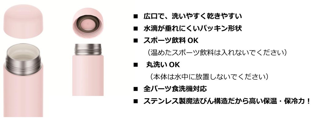 本製品は、当社のケータイマグとして初めて、水筒の内面に“セラクリーンコート”を採用しました。汚れが落ちやすく乾きやすい特長を持ち、日常のお手入れが簡単になります。さらに水筒内側のソコの丸みを大きく、飲み口部分を広口形状にすることで、手洗い時の洗いやすさが向上しています。また、全パーツが食洗機に対応しており、日常の食器類と一緒に手軽で快適なお手入れが可能です。
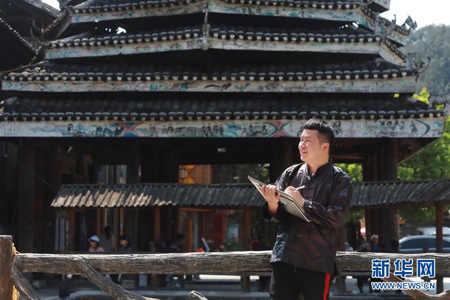 Lan Caisheng paints a Dong minority village in Zhaoxing, southwest China’s Guizhou province, April 14. (Photo/Xinhua)
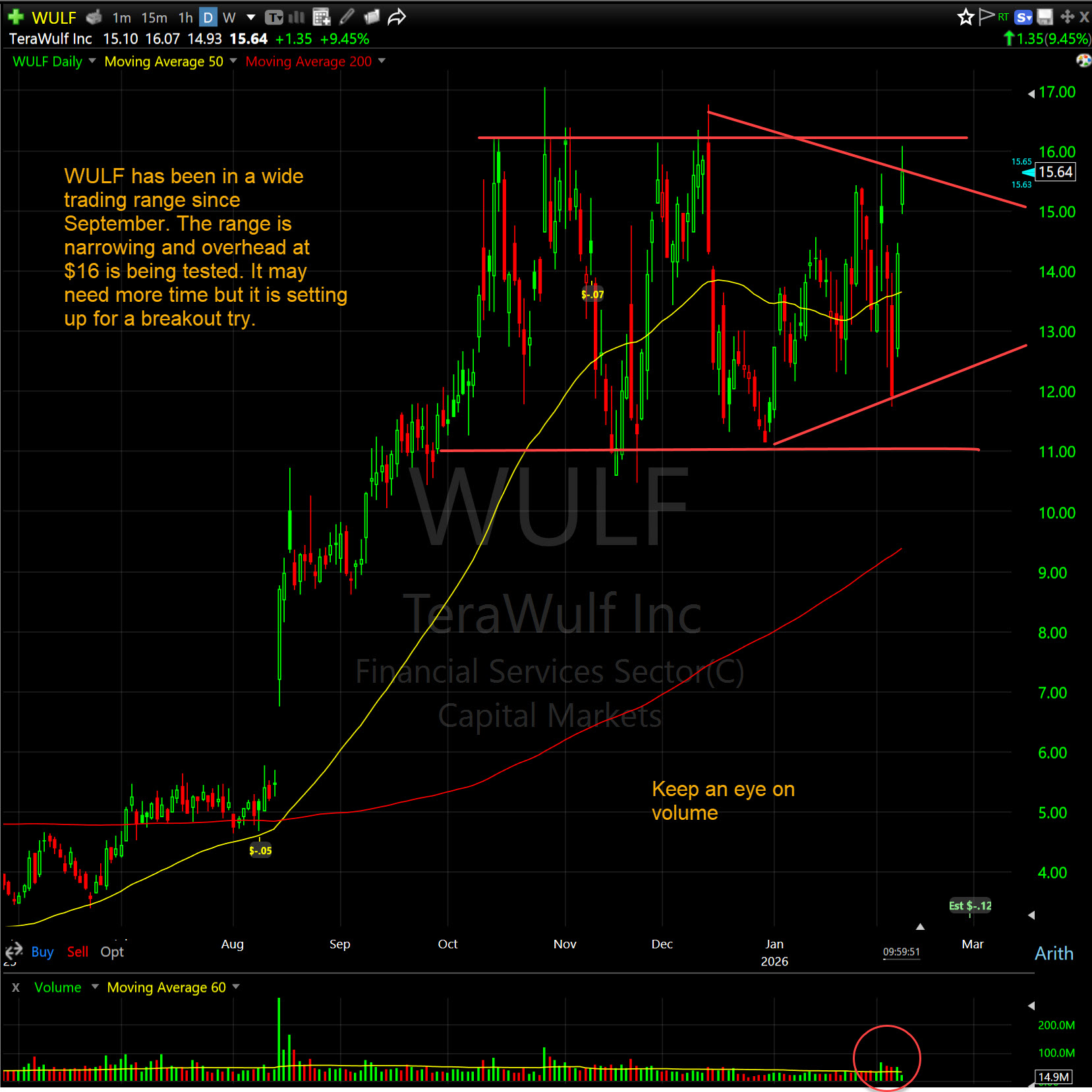 One name that is standing out on my screens today is TeraWulf (WULF) . I have held a position for a while and have actively traded the stock, but I'm adding some size today as it tests overhead resistance.
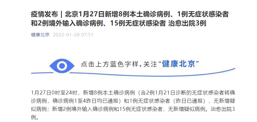 原标题:疫情发布丨北京1月27日新增8例本土确诊病例、1例无症状感染者和2例境外输入确诊病例、15例无症状感染者 治愈出院3例
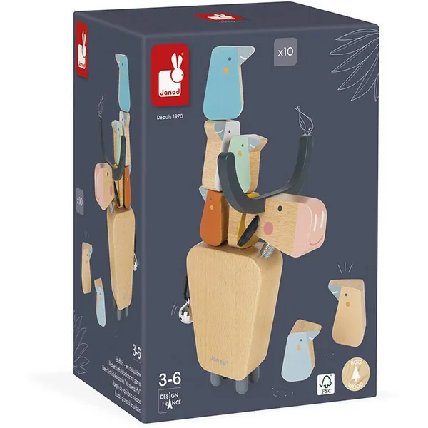 Jeu d’équilibre composé d’un buffle en bois massif et de 10 oiseaux (5 grands et 5 petits). Pour un joueur et plus : Il faut réussir la plus haute pyramide d’oiseaux sur le dos du buffle sans les faire tomber. A plusieurs, celui qui pose l’oiseau de trop, a perdu !! Développe la patience et la dextérité. Pour enfants de 3 à 6 ans. Jouet en bois.
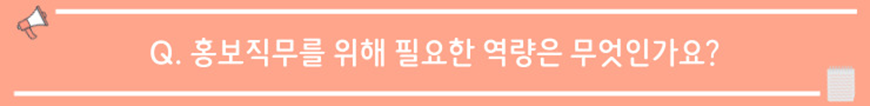 홍보직무에 필요한 역량 중 가장 기본은 바로 커뮤니케이션을 잘해야 한다는 것입니다. 내가 전달하고자 하는 메시지가 상대방에게 정확하게 인지될 수 있게끔, 잘 정제하고 정리하여 말하는 능력이 중요합니다.
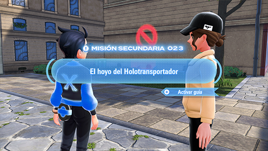 Cuando estés preparado, reta al Pokémon que obstaculiza el funcionamiento del Holotransportador. Puedes capturarlo si quieres. Tras completar la misión puedes usar el Holotransportador.
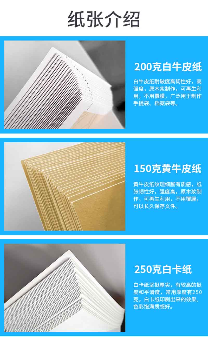 印刷紙張:銅版紙、雙膠紙、啞粉紙、珠光紙、其他藝術(shù)紙(藝術(shù)紙種類較多我們可以免費提供紙樣供您選擇)
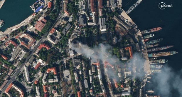 خبرگزاری رویترز گزارش داده که ارتش اوکراین با حمله موشکی گسترده پایگاه اصلی نیروی دریایی روسیه در کریمه را هدف قرار داده است. بربنیاد گزارش خبرگزاری رویترز، اوکراین با موشک مقر فرماندهی یگان دریایی روسیه در دریایی سیاه را که ...
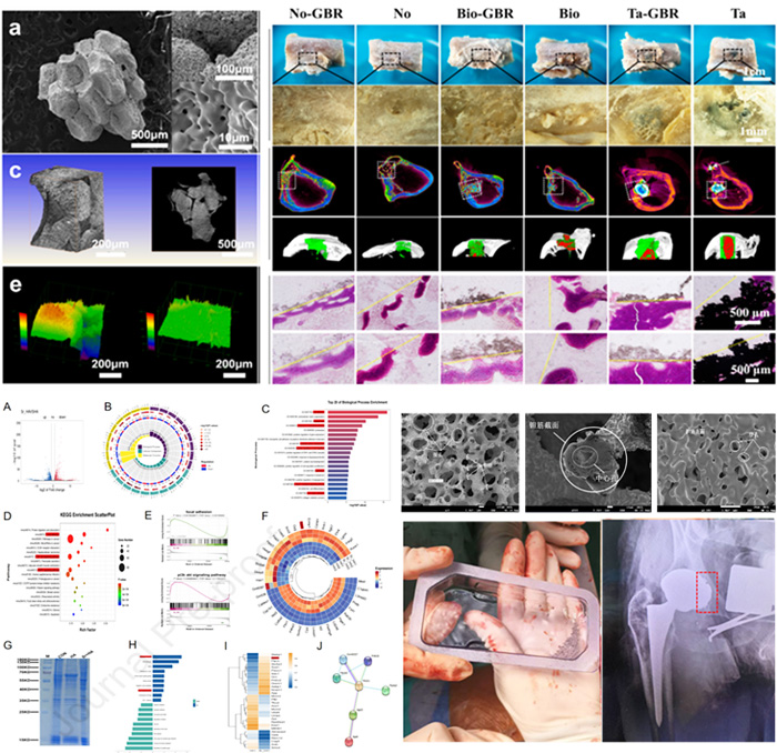 近期,该团队对多孔钽材料体系的相关成骨机理进行了深入研究,基因测序结果显示该材料体系能对机体内1829个关键基因造成显著影响,尤其可通过上调整合素α6(Itga6)的表达,激活PI3K/AKT信号通路,显著促进成骨基因(如RUNX2、ALP、OPG)的表达,最终增强成骨细胞的分化与矿化能力。相关成果发表于《Materials Today Bio》。
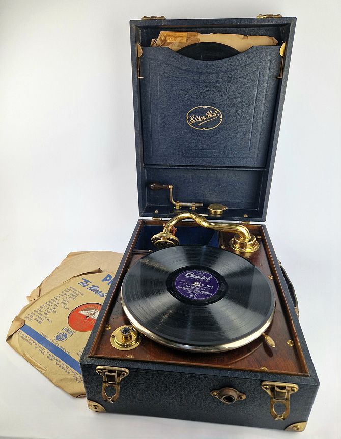 An Edison Bell portable gramophone with retail label from Harrods, together with a selection of vintage records
● ● ●
Work item -
Each entry gets copied exactly; the pictures stay out.

Answer space -
 本製品は、当社のケータイマグとして初めて、水筒の内面に“セラクリーンコート”を採用しました。汚れが落ちやすく乾きやすい特長を持ち、日常のお手入れが簡単になります。さらに水筒内側のソコの丸みを大きく、飲み口部分を広口形状にすることで、手洗い時の洗いやすさが向上しています。また、全パーツが食洗機に対応しており、日常の食器類と一緒に手軽で快適なお手入れが可能です。
 Lan Caisheng paints a Dong minority village in Zhaoxing, southwest China’s Guizhou province, April 14. (Photo/Xinhua)
 One name that is standing out on my screens today is TeraWulf (WULF) . I have held a position for a while and have actively traded the stock, but I'm adding some size today as it tests overhead resistance.
 原标题:疫情发布丨北京1月27日新增8例本土确诊病例、1例无症状感染者和2例境外输入确诊病例、15例无症状感染者 治愈出院3例
 Jeu d’équilibre composé d’un buffle en bois massif et de 10 oiseaux (5 grands et 5 petits). Pour un joueur et plus : Il faut réussir la plus haute pyramide d’oiseaux sur le dos du buffle sans les faire tomber. A plusieurs, celui qui pose l’oiseau de trop, a perdu !! Développe la patience et la dextérité. Pour enfants de 3 à 6 ans. Jouet en bois.
 홍보직무에 필요한 역량 중 가장 기본은 바로 커뮤니케이션을 잘해야 한다는 것입니다. 내가 전달하고자 하는 메시지가 상대방에게 정확하게 인지될 수 있게끔, 잘 정제하고 정리하여 말하는 능력이 중요합니다.
 Cuando estés preparado, reta al Pokémon que obstaculiza el funcionamiento del Holotransportador. Puedes capturarlo si quieres. Tras completar la misión puedes usar el Holotransportador.
 印刷紙張:銅版紙、雙膠紙、啞粉紙、珠光紙、其他藝術(shù)紙(藝術(shù)紙種類較多我們可以免費提供紙樣供您選擇)
 خبرگزاری رویترز گزارش داده که ارتش اوکراین با حمله موشکی گسترده پایگاه اصلی نیروی دریایی روسیه در کریمه را هدف قرار داده است. بربنیاد گزارش خبرگزاری رویترز، اوکراین با موشک مقر فرماندهی یگان دریایی روسیه در دریایی سیاه را که ...
 近期,该团队对多孔钽材料体系的相关成骨机理进行了深入研究,基因测序结果显示该材料体系能对机体内1829个关键基因造成显著影响,尤其可通过上调整合素α6(Itga6)的表达,激活PI3K/AKT信号通路,显著促进成骨基因(如RUNX2、ALP、OPG)的表达,最终增强成骨细胞的分化与矿化能力。相关成果发表于《Materials Today Bio》。
 An Edison Bell portable gramophone with retail label from Harrods, together with a selection of vintage records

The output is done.